Publication number: WO2018197399A1
Application number: PCT/EP2018/060309
Authority: WO
Inventors: Bernhard Mokler; Rainer Simon
Original assignee: Kba-Metalprint Gmbh
Priority date: 2017-04-26
Filing date: 2018-04-23
Publication date: 2018-11-01
Also published as: IL269279A; EP3615346B1; EP3615346B8; US20200086660A1; EP3615346A1; DE102017207007A1; ES2938390T3

Abstract

The invention relates to a method for printing non-absorbent substrates with a water-based ink, in which method in each case ink droplets are applied to the respective substrate, in which method the ink is applied to the relevant substrate by way of at least one inkjet print head, in which method substrates are used which in each case have a surface tension of less than 45 mN/m in air at a temperature of 20°C, in which method, before the application of the ink droplets, the surface tension of the substrates to be printed is increased in each case to a value of at least 45 mN/m, in which method the ink droplets are only afterwards applied to the respective substrate which has the increased surface tension, in which the applied ink droplets are dried by way of an input of heat and/or a heat exposure in each case with an exposure time of less than 0.2 seconds within only a single second after the printing of the relevant substrate. The proposed method is carried out, in particular, in a digital printing press.

Description

description

Method of printing non-absorbent substrates with a water-based ink

The invention relates to a method for printing non-absorbent substrates with a water-based ink according to the preamble of claim 1 and a method for operating a digital printing machine with at least one inkjet printhead according to claim 21.

US Pat.
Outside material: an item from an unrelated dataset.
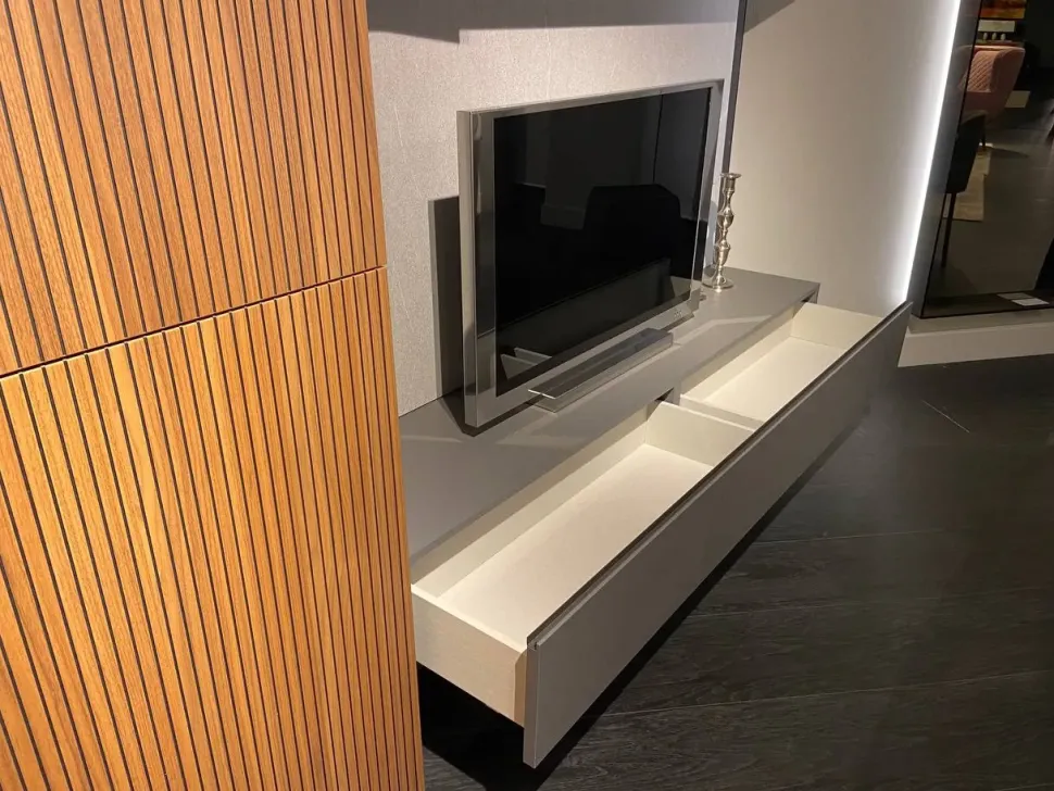 Tra diversi mobili e complementi senza maniglia, questa proposta saprà arricchire il living sfruttando bene ogni angolo.

No. 9,573,349 B1 discloses a method for printing non-absorbent substrates with a water-based ink, in which ink droplets are applied to the respective substrate using substrates each having a surface tension of less than 45 mN / m, in which the surface tension of the substrates to be printed is increased in each case to a value of at least 45 mN / m before the application of the ink drops, in which case the ink droplets are then applied to the respective substrate having the increased surface tension.

The US 2012/0026264 A1 can be seen, a printed substrate by

Heat effect, z. B. to dry by an infrared radiation, wherein for the

Drying temperature range between 40 ° C and 100 ° C and for the exposure time a range between 0.2 s and 10 s is proposed.

By CH 703 704 A1 a printing device for printing fabrics in the form of whiteboard with at least one ink is known, the surface tension of these fabrics is smaller than the surface tension of the ink, comprising at least one activatable printing unit and this at least one activatable printing unit downstream Endtrockenanlage to the

Drying of the at least one activatable printing unit on the fabric applied printing ink, wherein upstream of the first processable in the process order activatable printing unit at least one irradiation device with at least one electromagnetic radiation source for irradiating and increasing the

Surface tension of the sheet is formed prior to its supply to the first activatable printing unit, and wherein the radiation source is an elongated UV gas discharge tube or an elongate infrared radiator.

DE 10 2012 017 538 A1 discloses a method for treating the surface of objects with fluids, in which the fluid is applied by means of a computer-controlled movable first tool and subsequently treated further with the second computer-controlled movable tool, wherein the time delay between the application of the Fluid is adapted to the object and the subsequent further treatment to the spreading behavior of the fluid.

The invention is based on the object, a method for printing non-absorbent substrates with a water-based ink and a method for operating a

To provide digital printing machine with at least one inkjet printhead with which non-absorbent substrates are printed in spite of the use of a water-based ink each with a print image of high print quality, in particular while avoiding spreading of the ink drops.

The object is achieved by a method with the features of

Claim 1 or 21 solved. The respective dependent claims relate to advantageous embodiments and / or developments of the solution found.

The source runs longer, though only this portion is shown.